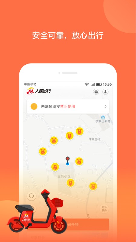 人民出行共享车app为用户提供便捷、智能、环保的出行解决方案,主要服务于短途出行需求的人群,通过电动自行车的共享模式来满足用户的日常出行需求,能够轻松扫码骑行,价格非常的实惠,支付费用也是非常的便捷。
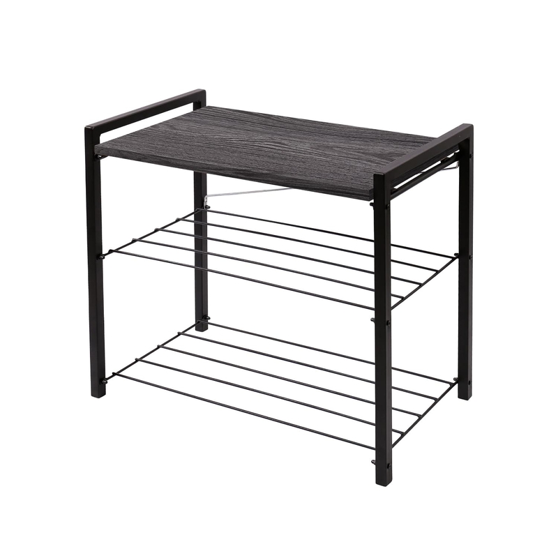 Nika. Этажерка для обуви разборная (600х553х300) 3 полки, сиденье мягкое велюр ГРАФИТ каркас ЧЕРНЫЙ ЭКТ3-60В/ГР
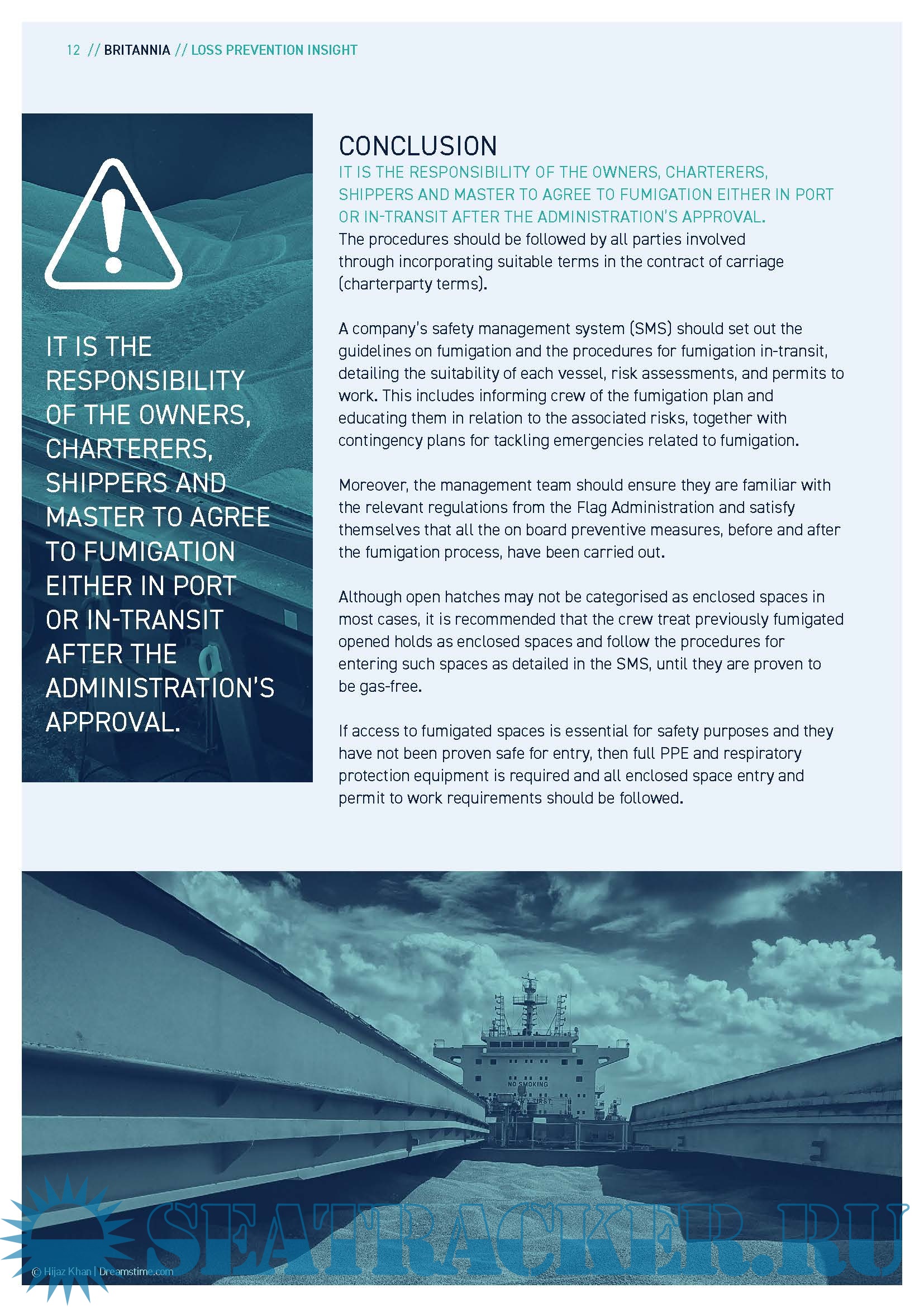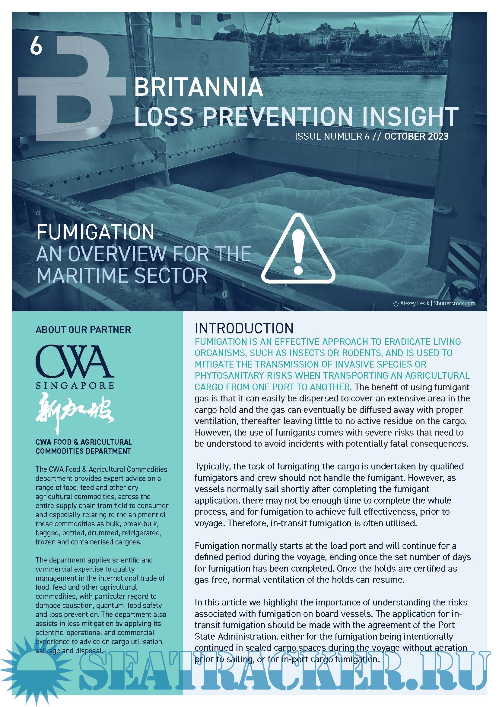Year: 2023 Language: english Author: Britannia P&I Club Genre: Periodical (magazine) Format: PDF Quality: eBook Pages count: 14 Description: Britannia Loss Prevention Insight issue number 6 / October, 2023 In this article highlighted the importance of understanding the risks associated with fumigation on board vessels. The application for in-transit fumigation should be made with the agreement of the Port State Administration, either for the fumigation being intentionally continued in sealed cargo spaces during the voyage without aeration prior to sailing, or for in-port cargo fumigation.
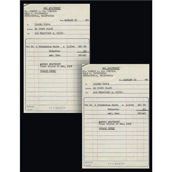 (1958-1959) A pair of early invoices to Trader Vic's famous Cosmo Place, San Francisco location. Note the payee is Robert Van Oosting at Bob'...
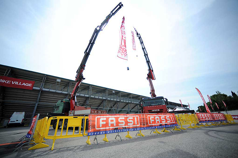 Two Fassi loader cranes belonging to the heavy duty range in the SBK village at Misano
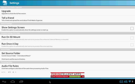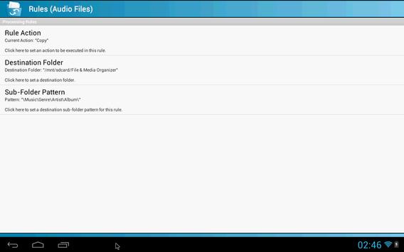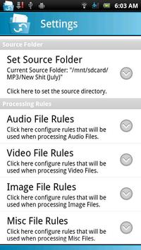 File & Media Organizer has the ability to run automatically on a scheduled basis to organize those multitude of files on your device so you don't ever have to. Whether its music, videos, documents or any other file type, File & Media Organizer will get the job done for you.
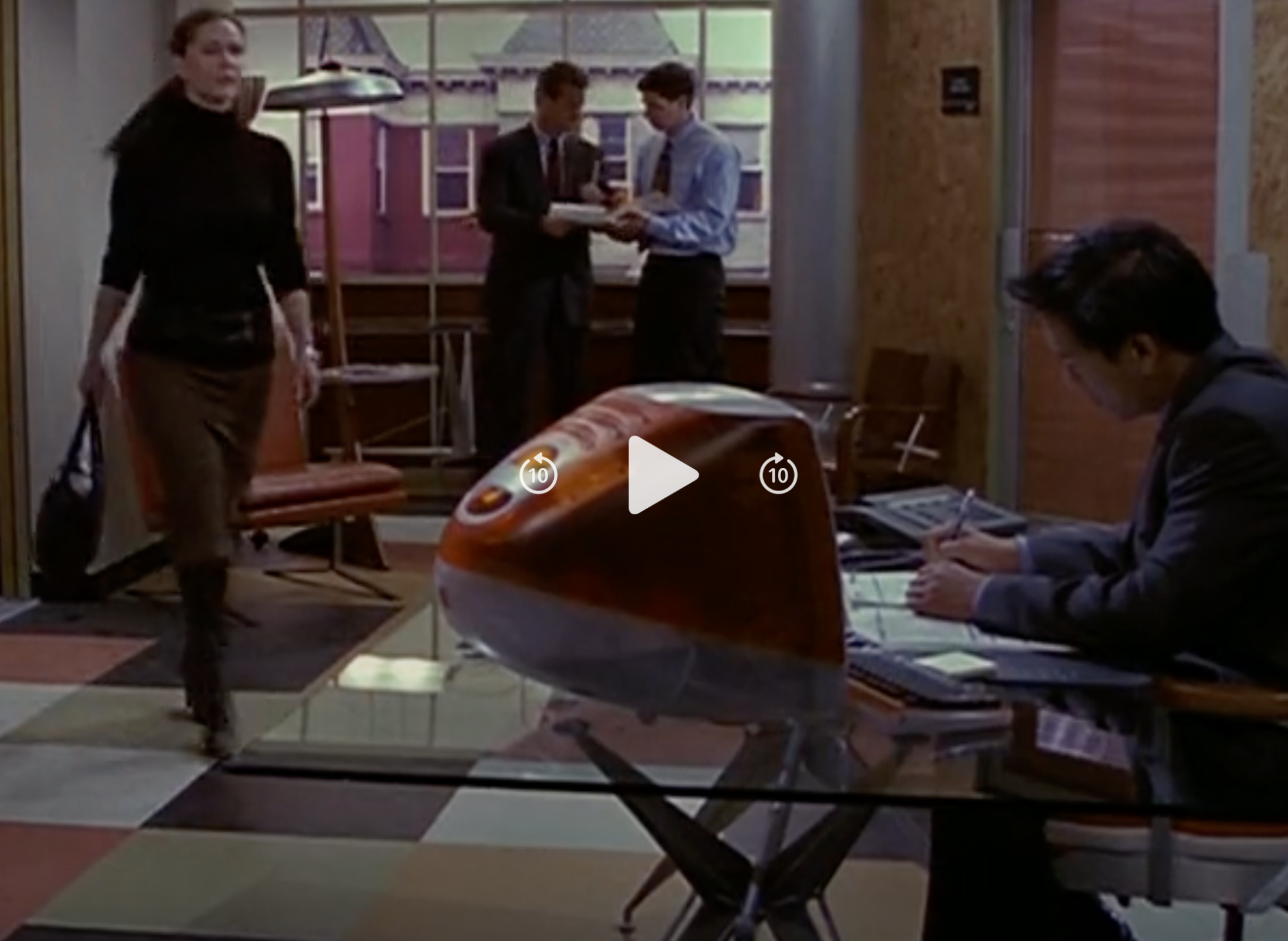 A Mac Cube can be seen on the far left in the graphic design headquarters of a lead character. Anyone recognise the monitor?
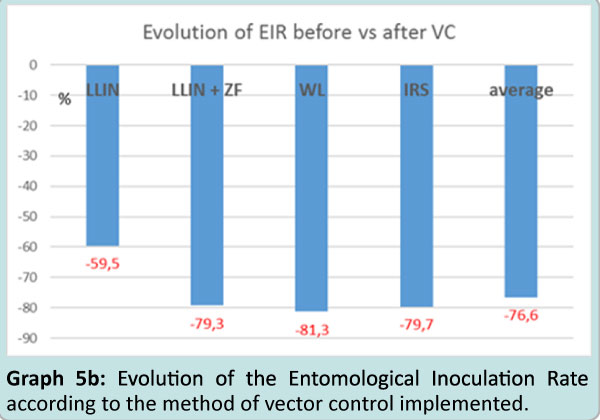 It thus appeared a great reduction of the entomological inoculation rate with each one of the vector control method implemented (graph. 5a) which can be estimated at 59.5% with LLIN, and # 79.3% with the association MMIN+ZF, 81.3% with Wall Lining alone and 79.7% with IRS followed by WL with an average of 77% reduction of the entomological inoculation rate after vector control implementation (Graph 5b).
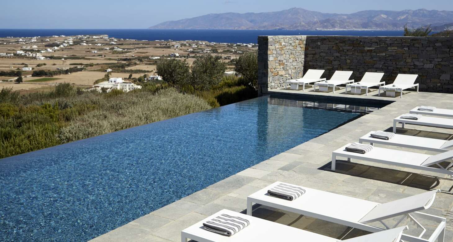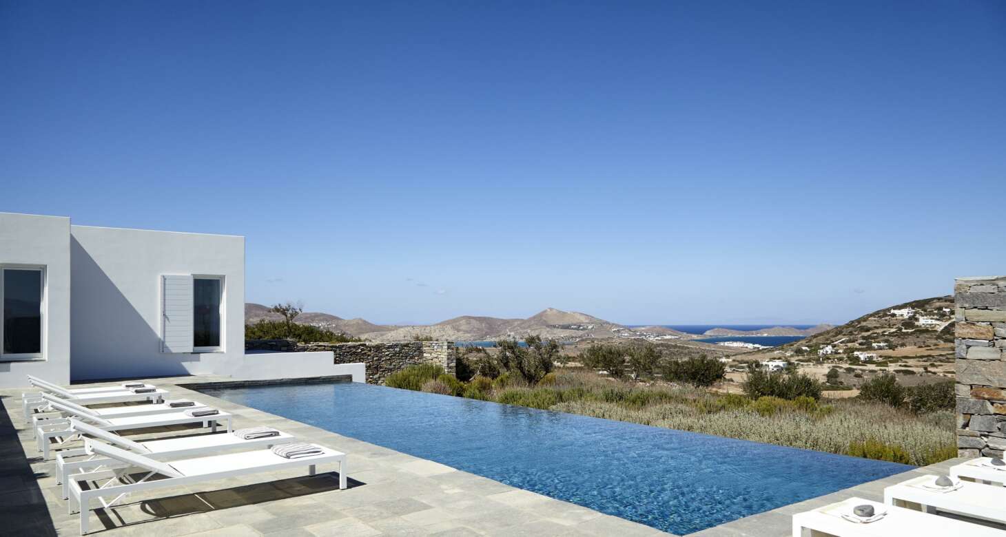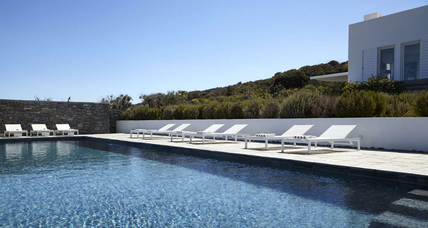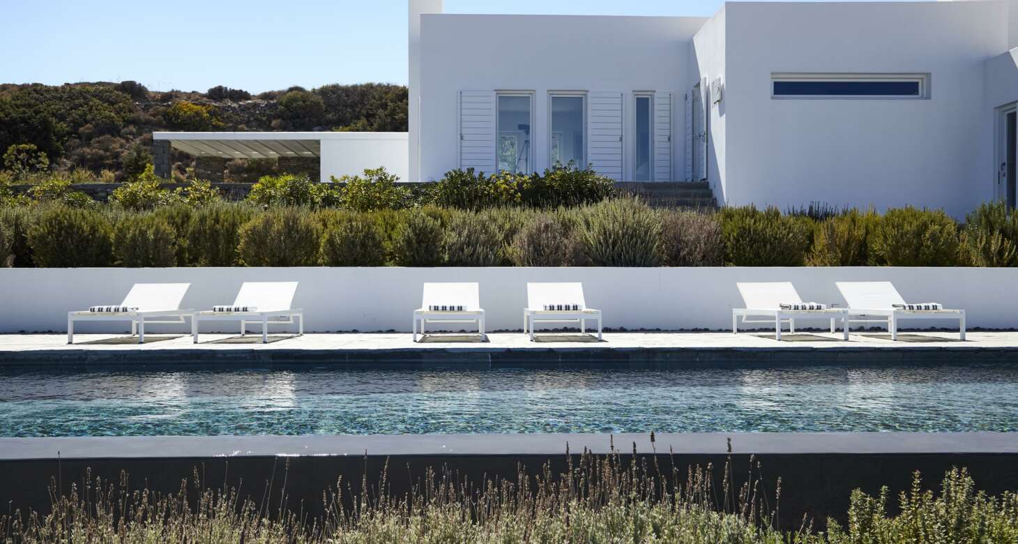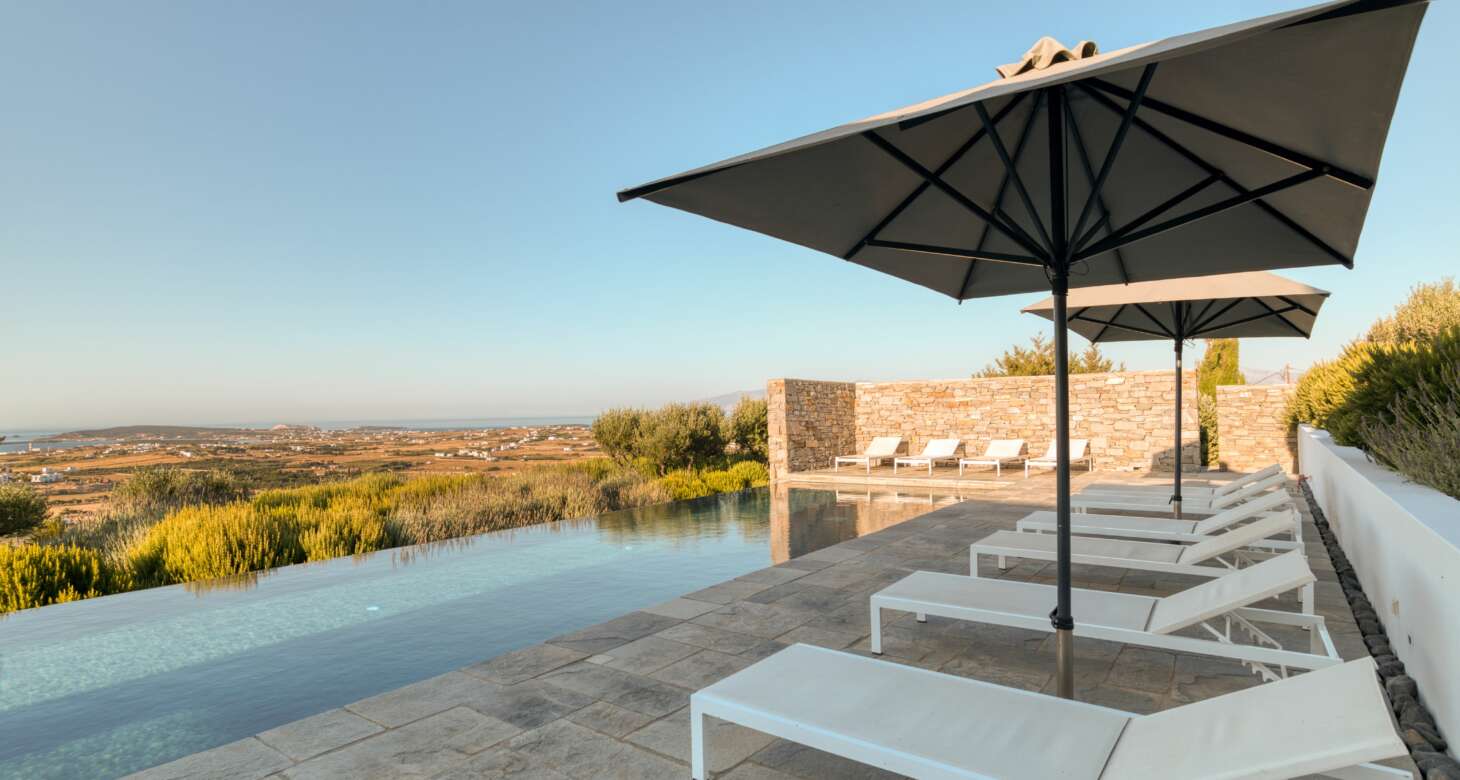 The villa features five bedrooms, each equipped with air conditioning and strategically isolated from the rest of the house to provide maximum comfort and privacy. The kitchen, dining area, and lounge space are separate from the bedrooms and offer panoramic views of the pool, sea, and the neighboring island of Naxos. Large sliding glass doors can be opened to let in the refreshing sea breeze. The dining table comfortably accommodates ten people, and the fully equipped kitchen provides everything you need to prepare delicious meals and drinks for everyone.

[EXERCISE PROMPT]: Now repeat exactly the lines from the one with "A Mac Cube can" through the end of the listing above, both included, omitting all pictures.

[FINAL ANSWER]:
 A Mac Cube can be seen on the far left in the graphic design headquarters of a lead character. Anyone recognise the monitor?
 It thus appeared a great reduction of the entomological inoculation rate with each one of the vector control method implemented (graph. 5a) which can be estimated at 59.5% with LLIN, and # 79.3% with the association MMIN+ZF, 81.3% with Wall Lining alone and 79.7% with IRS followed by WL with an average of 77% reduction of the entomological inoculation rate after vector control implementation (Graph 5b).
 The villa features five bedrooms, each equipped with air conditioning and strategically isolated from the rest of the house to provide maximum comfort and privacy. The kitchen, dining area, and lounge space are separate from the bedrooms and offer panoramic views of the pool, sea, and the neighboring island of Naxos. Large sliding glass doors can be opened to let in the refreshing sea breeze. The dining table comfortably accommodates ten people, and the fully equipped kitchen provides everything you need to prepare delicious meals and drinks for everyone.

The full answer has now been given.